- [TASK DESCRIPTION]:
Below is a listing with pictures. Repeat exactly the lines starting at the one holding "un bosco incontaminato." and going on through the one holding "Hexapod alien đối", and leave every picture out.

- [INPUT MATERIAL]:

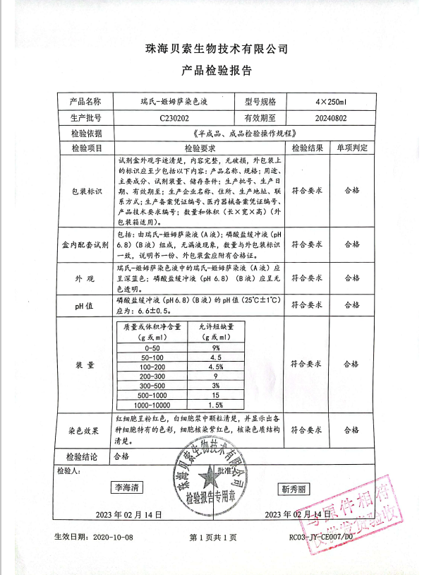 貝索 瑞氏-姬姆薩染色液 250mlx4 C230202
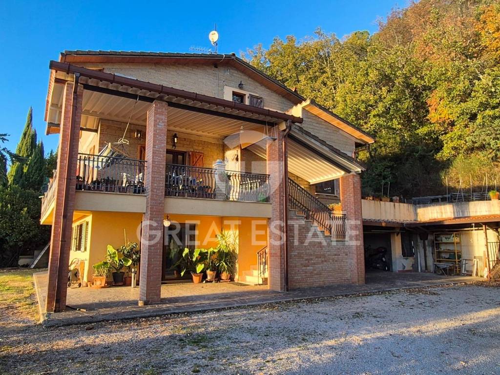 La villa “Incanto sul Tezio” è un'autentica oasi di tranquillità immersa nella natura, a 15 minuti dal centro storico di Perugia. Questa bella residenza di circa 300 mq è situata in uno scenario mozzafiato, circondata da oltre un ettaro di terreno in leggera pendenza, caratterizzato da decine di ulivi secolari e confinante con un bosco incontaminato.
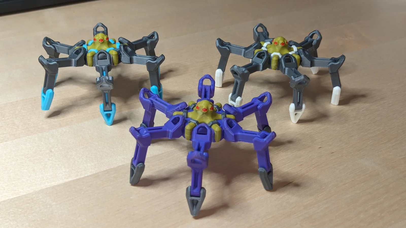 Hexapod alien đối xứng hướng tâm, in print in place, tạo dáng linh hoạt và không cần lắp ráp. Có STL bản thường và 3MF đa màu kèm adaptive layer height. Hinge mặc định 0.1mm, có thể chỉnh bằng XY Size Compensation.
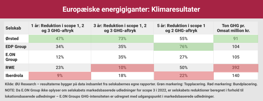 Ørsted slår internationale peers som E.ON, RWE og Iberdrola på centrale klimamålepunkter. En undersøgelse udarbejdet af Økonomisk Ugebrev viser, at Ørsted har reduceret sit klimaaftryk betydeligt mere end konkurrenterne, både på kort og mellemlangt sigt. Ørsted har også det laveste intensitetsaftryk i peer gruppen. Eksempelvis udleder tyske RWE fire gange mere drivhusgas end Ørsted pr. omsat million kroner. Redaktør Claus Strue Frederiksen indleder her en artikelserie, hvor store danske selskabers klimaresultater sammenlignes med internationale peers.
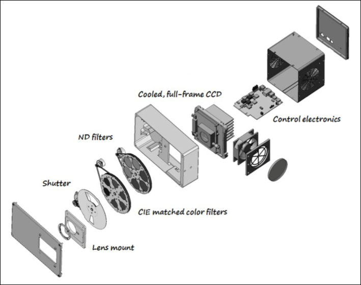 成像亮度采用CCD(Charge-Coupled-Device, 電荷耦合元件)作為探測器,以及標定的專用鏡頭來實現模擬人眼的視場感知得到亮度的分布。
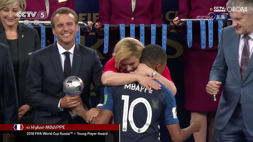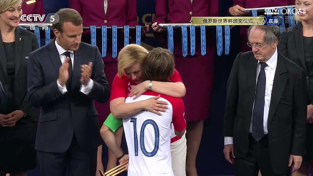 穿著克羅地亞球衣的她 在為法國球員頒獎時 沒有沮喪沒有哭泣 只是為這些法國小伙子們 送去了讚賞的微笑 以及鼓勵的擁抱

- [EXPECTED OUTPUT]:
 La villa “Incanto sul Tezio” è un'autentica oasi di tranquillità immersa nella natura, a 15 minuti dal centro storico di Perugia. Questa bella residenza di circa 300 mq è situata in uno scenario mozzafiato, circondata da oltre un ettaro di terreno in leggera pendenza, caratterizzato da decine di ulivi secolari e confinante con un bosco incontaminato.
 Hexapod alien đối xứng hướng tâm, in print in place, tạo dáng linh hoạt và không cần lắp ráp. Có STL bản thường và 3MF đa màu kèm adaptive layer height. Hinge mặc định 0.1mm, có thể chỉnh bằng XY Size Compensation.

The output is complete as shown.